Even though greater reliability and reproducibility were achieved in the recent work just reviewed, there is still a degree of subjectivity left in the application of these clustering techniques. In particular, none of the methods above have a completely satisfactory solution to the problem of determining in an algorithmic manner how many clusters exist in a given dataset, hemispheric or sectorial. Thus, the two problems of just how many different regimes can be reliably identified in the multidecadal NH 700-mb record, and what exactly they look like, bear further investigation.

The mixture model approach adopted here, unlike the previously used approaches, is based on an explicit, fully consistent probabilistic model. This model has the following two primary features.

  1. Each cluster is defined as a unimodal (“component”) PDF. Thus, points that lie within the overlap region of different density functions can have a degree of membership (a probability) for each cluster, allowing for uncertainty in cluster membership to be handled in a natural way.
  2. It leads to a well-defined, built-in criterion for determining how many clusters should be fitted to the data, which does not require additional, ad hoc assumptions or null hypotheses. The information on which this criterion is based is simply contained in the posterior probability distribution for k, the number of clusters. If the distribution peaks sharply about a particular value of k, there is strong evidence for that value; if the distribution is rather flat, it follows that the dataset at hand cannot provide enough evidence for a particular value of k. The difficult part of the problem is that of estimating this posterior distribution for k given the data. We discuss the methodology for doing so in some detail.

Any statistical method that directly estimates a PDF in phase space will inevitably be limited in its results by the number of available data points, particularly as one seeks to fit the model on which the method is based to the data in higher dimensions.
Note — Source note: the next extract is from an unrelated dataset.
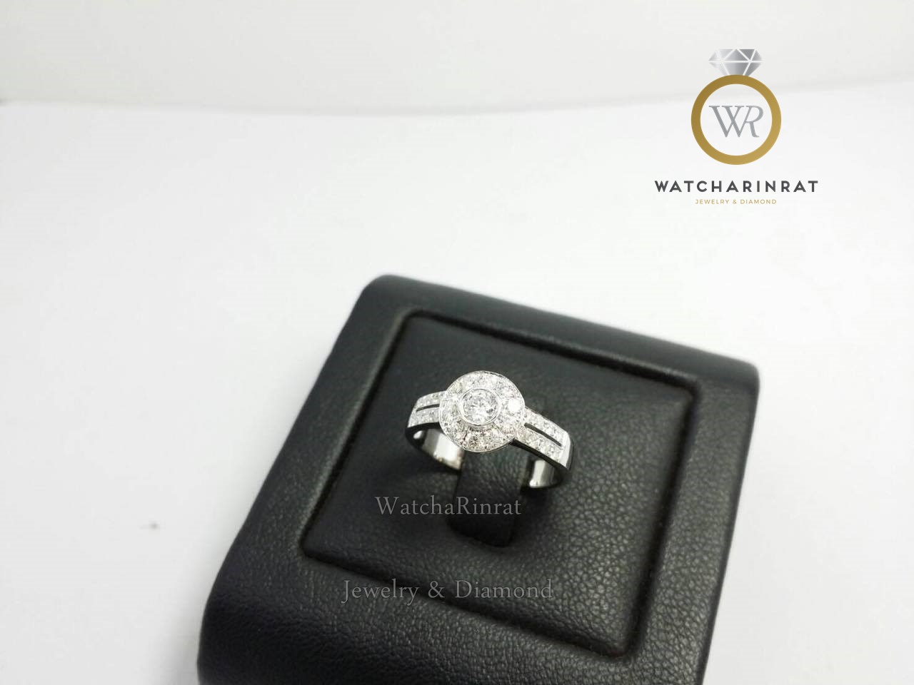 แหวนเพชรล้อมเพชร /ตัวเรือนทองคำขาว 18K หนัก 2.18 กรัม/ ประดับเพชรแท้ 15 ตัง ล้อม 1 ตัง 26 เม็ด รวม 0.46 กะรัต น้ำ 98/ สามารถสั่งทำได้ทุกไซด์เพิ่มเติม

This “curse of dimensionality” is well-known in the statistical literature (e.g., see Silverman 1986) and has been discussed at length in the present context by KGI. In general, the results obtained from any finite set of observational data (in this case, 44 winters) must be interpreted as being conditional on the observed data; our method only makes this dependence more explicit.

The paper is organized as follows. In section 2 the 700-mb dataset and data-preprocessing steps are briefly described. Section 3 is an introduction to and review of the basic concepts of mixture models, including a discussion of maximum-likelihood techniques for model parameter estimation and a cross-validation methodology for estimating the posterior distribution of k. Further methodological details are presented in three appendices.

Section 4 contains a detailed description of the application of the mixture modeling methodology to the problem of cluster analysis in the subspace of the NH 700-mb anomalies’ leading EOFs. Strong evidence for the data’s supporting the existence of three regimes is presented. Robustness of this result with respect to variations in cross-validated partitions and number of EOFs retained is investigated and discussed. The maps corresponding to the three clusters that we obtain by mixture modeling are compared to the three significant maps obtained by CW and a remarkable degree of similarity is found to exist.

The application of the mixture modeling methodology to the PAC and ATL sectors is described in section 5 and results in the selection of essentially two clusters in each sector. The PAC clusters resemble the well-known Pacific–North American (PNA) and reverse PNA (RNA) regimes, and the ATL clusters resemble the blocked and zonal phases of the North Atlantic oscillation (NAO). We also show in this section how the methodology can alert the data analyst to the size of the dataset being insufficient to support a nontrivial model. Both hemispheric and sectorial results are summarized in section 6, followed by a discussion of their implications for the understanding and prediction of low-frequency, intraseasonal variability of large-scale atmospheric flows.

2. Dataset

The dataset used in this paper is similar to that used by KGI and KGII and consists of twice-daily “analyzed” (i.e., model interpolated) fields of NH 700-mb heights compiled at the National Oceanic and Atmospheric Administration’s Climate Prediction Center. The only difference between the two datasets is that in this paper 44 winters are used, starting on 1 December 1949 and extending through 31 March 1993. Kimoto and Ghil’s data began on the same date but contained only 37 winters, through March 1986. The NH winter is defined as the 90-day sequence beginning on 1 December of each year. All of the analyses below were performed on the winter data, namely, the 44 × 90 = 3960 daily maps so defined. The preprocessing also follows KGI and is summarized below.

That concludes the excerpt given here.